2017-11-15 Thread Tom Ritter
On 15 November 2017 at 05:35, Alec Muffett  wrote:
> Apologies, I am waiting for a train and don't have much bandwidth, so I will
> be brief:
>
> 1) There is no point in issuing  to anyone unless
> they are accessing  via an exit node.
>
> 2) It's inefficient to issue the header upon every web access by every
> person in the world; when the header is only relevant to 1-in-a-few-thousand
> users, you will be imposing extra bandwidth cost upon the remaining
> 99.99...% -- which is unfair to them

Agreed (mostly). I could see use cases where users not accessing a
website via Tor may wish to know an onionsite is available, but they
are also the vast minority.


> 3) Therefore: the header should only be issued to people arriving via an
> exit node.  The means of achieving this are
>
> a) Location
>
> b) Bending Alt-Svc to fit and breaking web standards
>
> c) Creating an entirely new header
>
> 4) Location already works and does the right thing.  Privacy International
> already use this and issue it to people who connect to their .ORG site from
> an Exit Node.
>
> 5) Bending Alt-Svc to fit, is pointless, because Location already works
>
> 6) Creating a new header? Given (4) and (5) above, the only potential
> material benefit of it that I can see would be to "promote Tor branding" -
> and (subjective opinion) this would actually harm the cause of Tor at all
> because it is *special*.
>
> 6 Rationale) The majority the "Dark Net" shade which had been thrown at Tor
> over the past 10 years has pivoted upon "needing special software to
> access", and creating (pardon me) a "special" header to onionify a fetch
> seems to be promoting the weirdness of Tor, again.
>
> The required goal of redirection to the corresponding Onion site does not
> require anything more than a redirect, and - pardon me - but there are
> already 4x different kinds of redirects that are supported by the Location
> header (301, 302, 307, 308) with useful semantics. Why reinvent 4 wheels
> specially for Tor?


I think there are some additional things to gain by using a new header:

Software that understands the header can handle it differently than
Location. I think the notification bar and the 'Don't redirect me to
the onionsite' options are pretty good UI things we should consider.
They're actually not great UX, but it might be 'doing our part' to try
and not confuse users about trusted browser chrome.[0]

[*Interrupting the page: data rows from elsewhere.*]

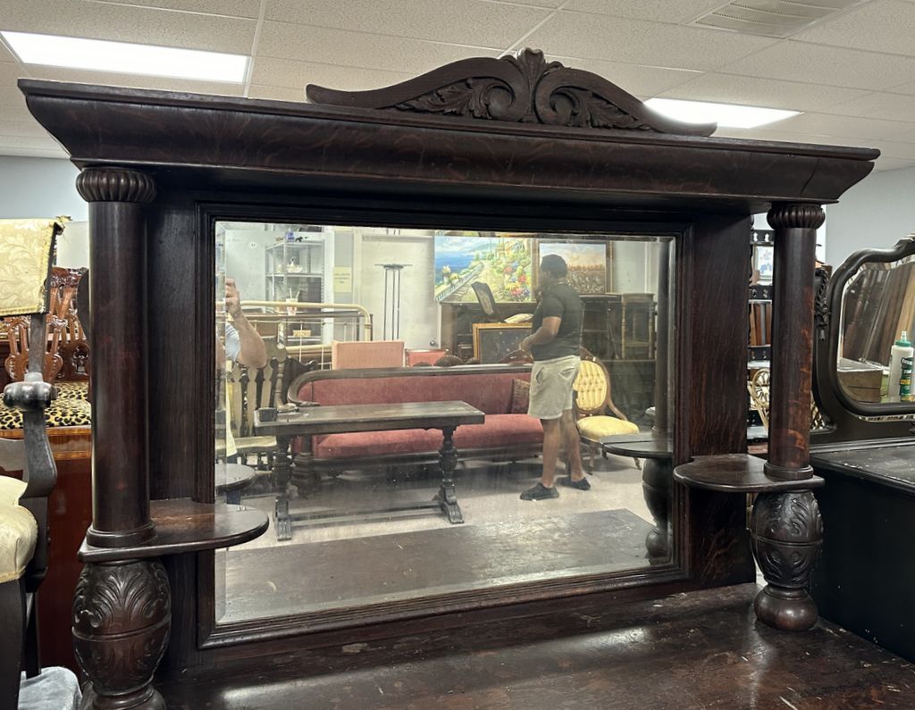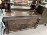 Late 1800s Victorian Oak Sideboard, two piece back mirror, needs work and finish work on veneer. Location Row 3 Late 1800s Victorian Oak Sideboard, two piece back mirror, needs work and finish work on veneer. Location Row 3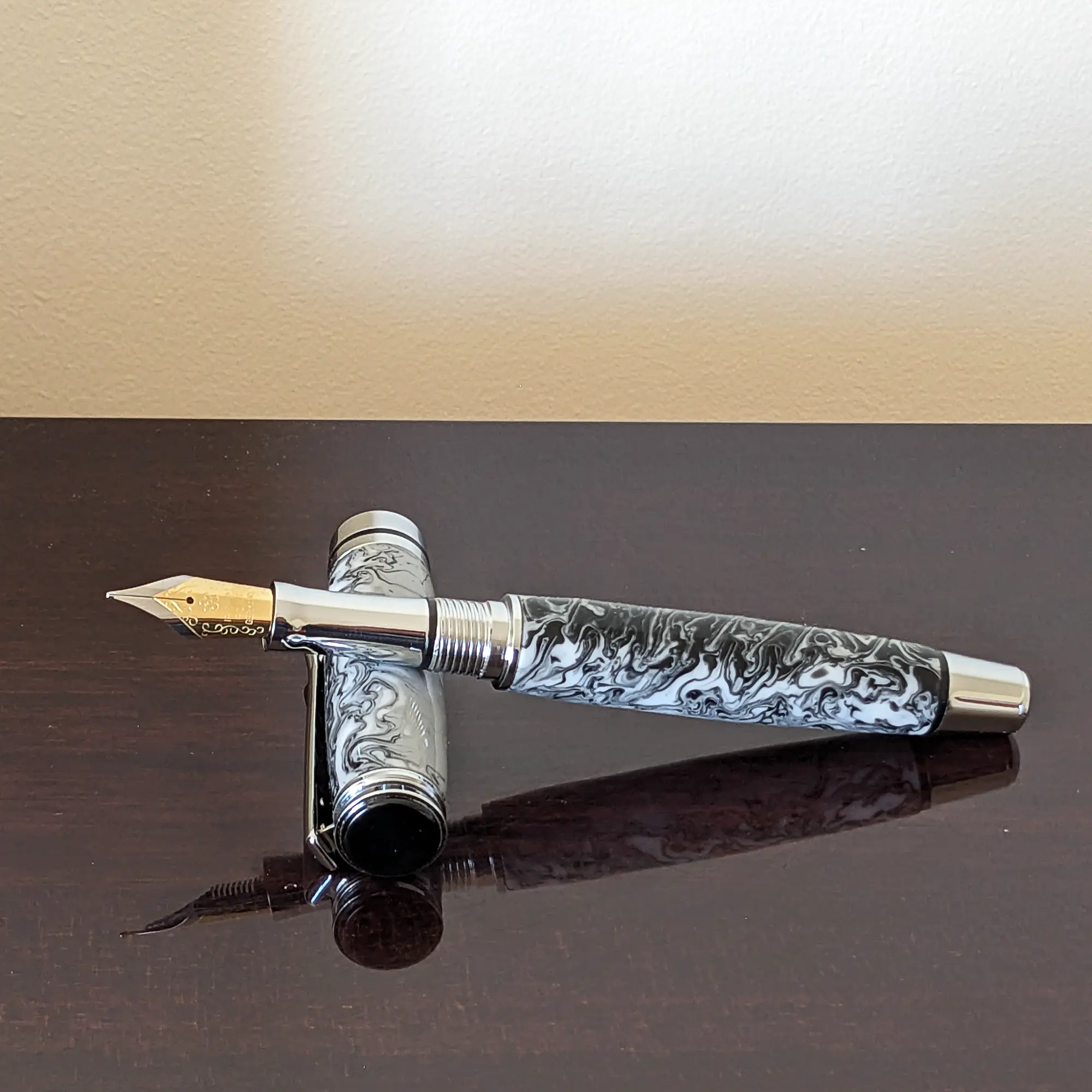 Black and White Fountain Pen with Chrome and Black Chrome Plated Fittings (933)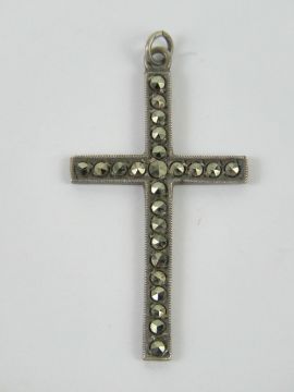 A silver and marcasite cross or crucifix pendant, stamped Sterling to back, measuring 4.6cm in length.

Users who _appear_ to be coming from an exit node but are not using
Tor are not blackholed. How common is this? I've seen reports from
users who do this. If I were in a position to, I would consider having
exit node traffic 'blend into' more general non-exit traffic (like a
university connection) just to make the political statement that "Tor
traffic is internet traffic".

Detecting exit nodes is error prone, as you point out. Some exit nodes
have their traffic exit a different address than their listening
port.[1]


Location is really close to what we need, but it is limited in some
ways. I'm still on the fence.


[0] Except of course that notification bars are themselves spoofable
chrome but lets ignore that for now...
[1] Hey does Exonerator handle these?



On 15 November 2017 at 07:38, Alec Muffett  wrote:
> I can see how you would think that, and I would kind-of agree, but at least
> this would be local and cheap.  Perhaps instead of a magic protocol, it
> should be a REST API that's embedded in the local Tor daemon?  That would be
> a really, REALLY common pattern for an enterprise to query.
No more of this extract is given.